Assuming that the conversion itself can be interactive (i.e., not done from the command line), I think Electric Eyes may do what you want. I was able to read a .jpg file and save it as a .pcl file, although I could not print the .pcl file properly (may be my printer or the way I've configured lp spooling, though). The .jpg file printed fine from within Electric Eyes, however, which suggests that the conversion is OK. Electric Eyes is included in many Linux distributions.

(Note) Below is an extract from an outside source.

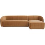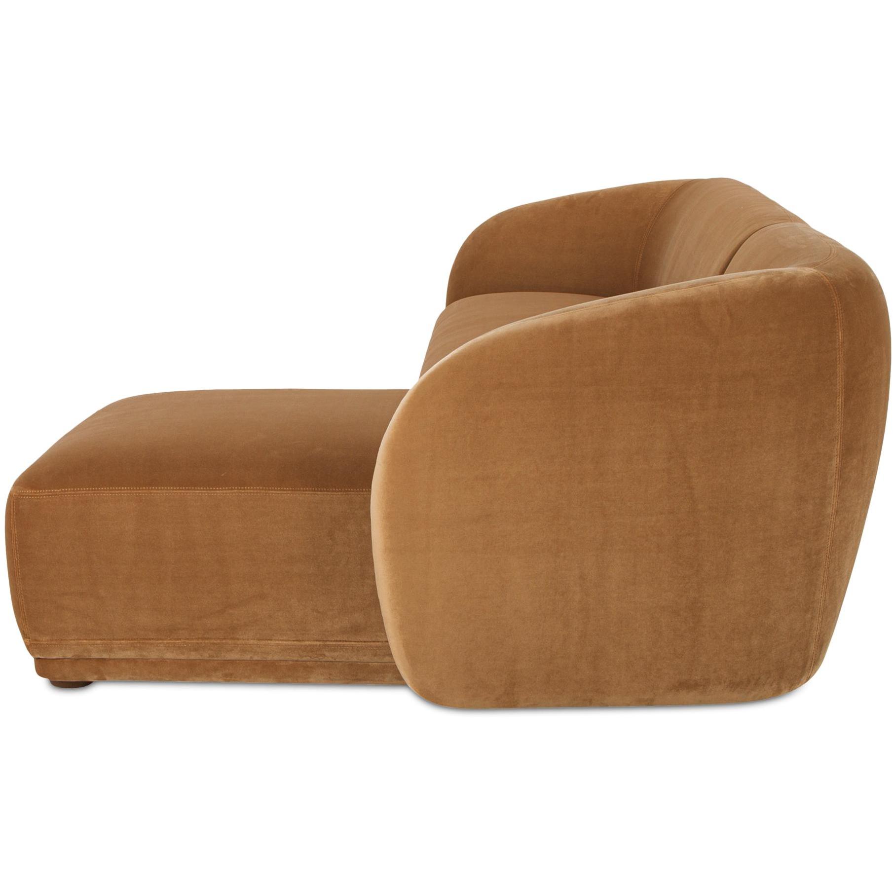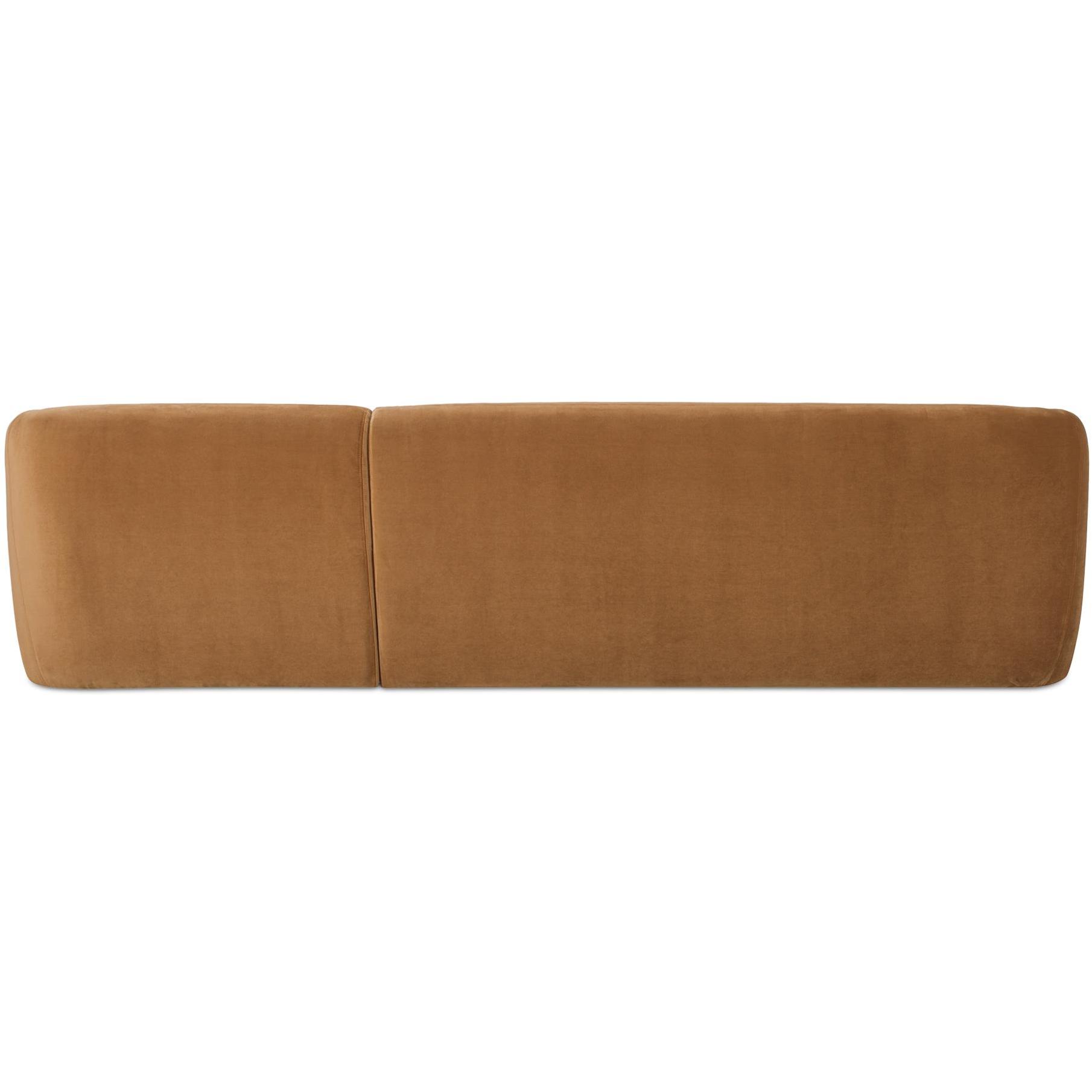 Constructed from solid beech and plywood, the Faye sectional’s unique curved back and firm, fixed bench seat rest on petite, rounded rubberwood legs. The neutral tan and faux mohair fabric is denser and more plush than velvet, bringing durability and comfort to its contemporary form–a touch of elegance to expansive living.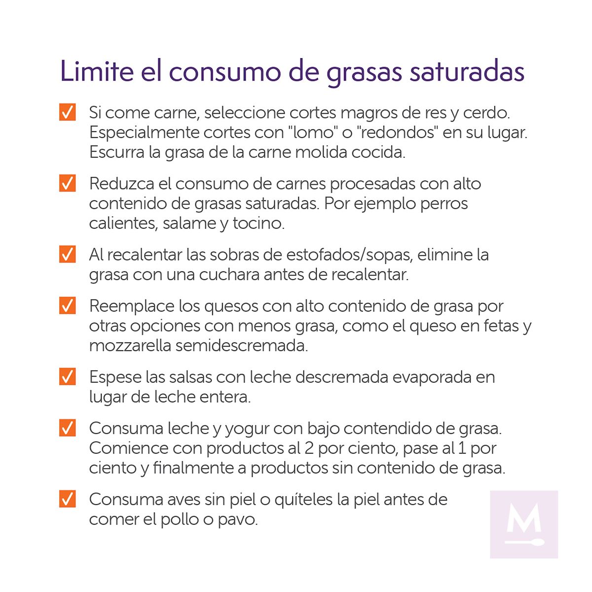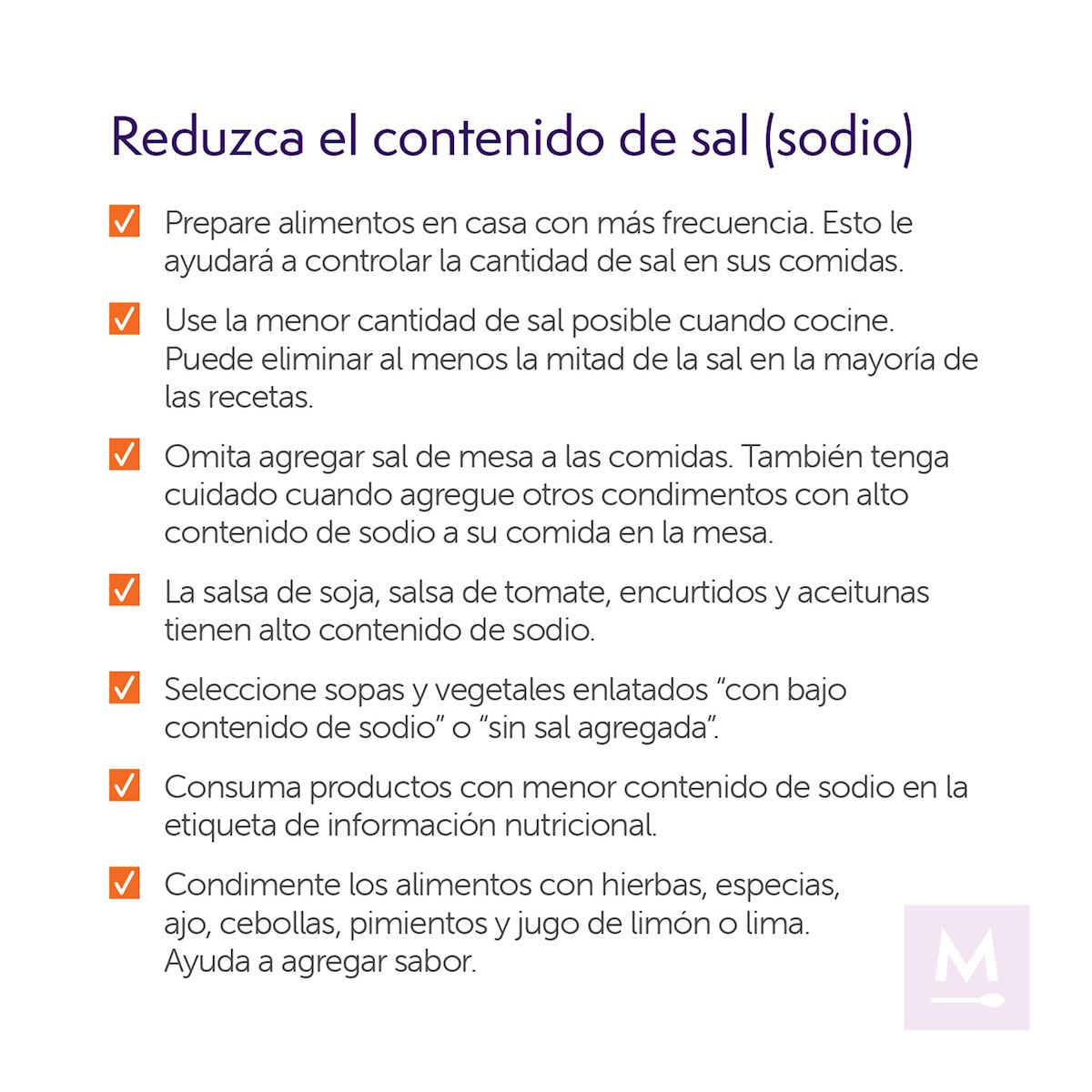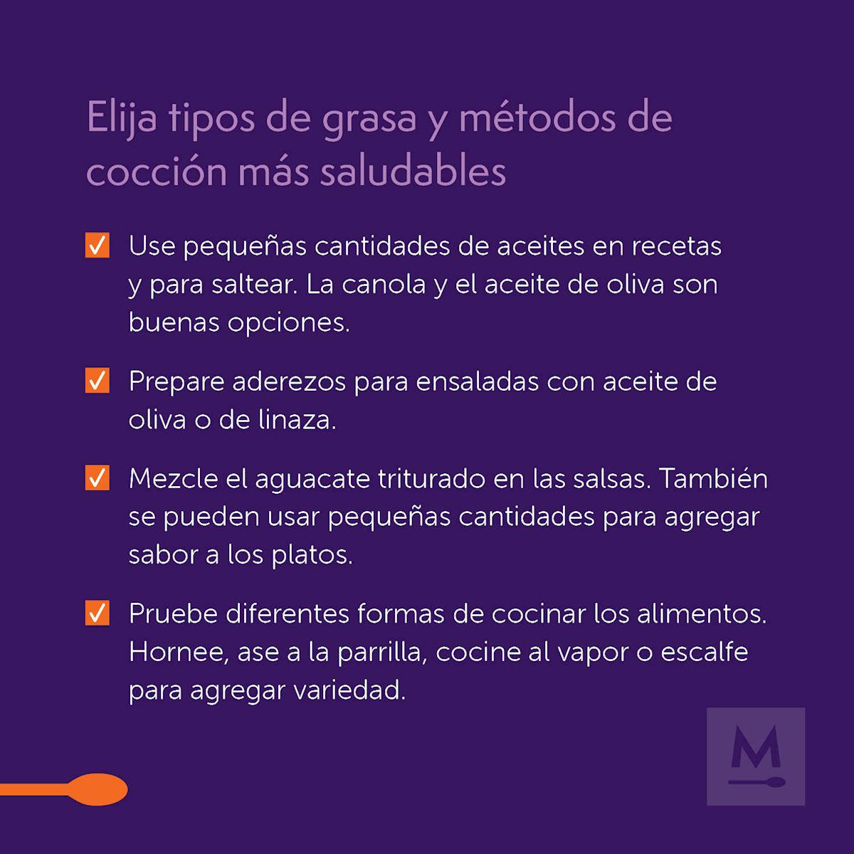 Los siguientes son algunos consejos útiles para cocinar y preparar alimentos y crear un estilo de vida saludable para el corazón. Haga clic en cada materia para obtener más información.

If you need the conversion itself to be done from the command line, you might research what's available in the gimp, since it has a batch language that can be used to run scripts, etc.

Hope this helps.


----------



## stufine (Jul 27, 2001)

I am not ignoring your response.

I am still trying to try your suggestions

Thanks!!


----------



## codejockey (Feb 11, 2002)

Just in case I misunderstood your post: it's perfectly possible to print graphics files (in many different formats) from the command line on a laser (or inkjet or dot-matrix) printer, using the lp subsystem (lpr or lprng). To do this, you will need what's called a "magic filter" -- and the one I recommend is (oddly enough) magicfilter (there are others). So, for example, if you wish to print a jpeg file from the command line, you would use a command such as:

lpr -P laser image.jpg

and your laser printer would happily print the jpeg file (assuming you had installed and configured lp spooling correctly and were using a magic filter). Let me know if this is what you intended; if so, forget my previous post, as I now understand what you really have in mind.

Sorry for being dense, and hope this helps.


----------



## stufine (Jul 27, 2001)

That is exactly what I am trying to do. I will try your last response and let you know!!!

Thanks


----------



## stufine (Jul 27, 2001)

I tried magicfilter and could never get it installed. It was wanting too many different things that SCO doesn't come with. I downloaded tons of extra tools but it still won't compile. Still looking though and will let you know what I find out.


----------



## stufine (Jul 27, 2001)

WOO HOO!!!! I am almost there. I installed XV and it works great.

Now I just need to figure out how to get it to print from the command line.


----------



## codejockey (Feb 11, 2002)

Great work! Glad to hear that you are making progress. In addition, you provided a critical piece of information when you mentioned SCO as your Unix version. Now it's been awhile since I used SCO (Unix, Xenix) but my recollection is that SCO is based on AT&T Unix System V.X (most recently, V.4, I think). Anyway, System V Unixes typically use lp as the command to print documents; print management is done via commands such as lpadmin and lpstat. The lp spooling system relies on a series of directories (/var/spool/lp and below, I believe) to control the mapping of logical printers to physical printers (i.e., the same physical printer can have more than one logical mapping -- imagine a laser printer in portrait and landscape mode, for example). You might begin at the lp man page (try man lp from the command line) and see if that's helpful. 

There's no reason why magicfilter couldn't work in a System V-based system; at first blush, I'd expect it would be invoked from the interface file for each logical printer defined to the system. 

Hope this helps.


----------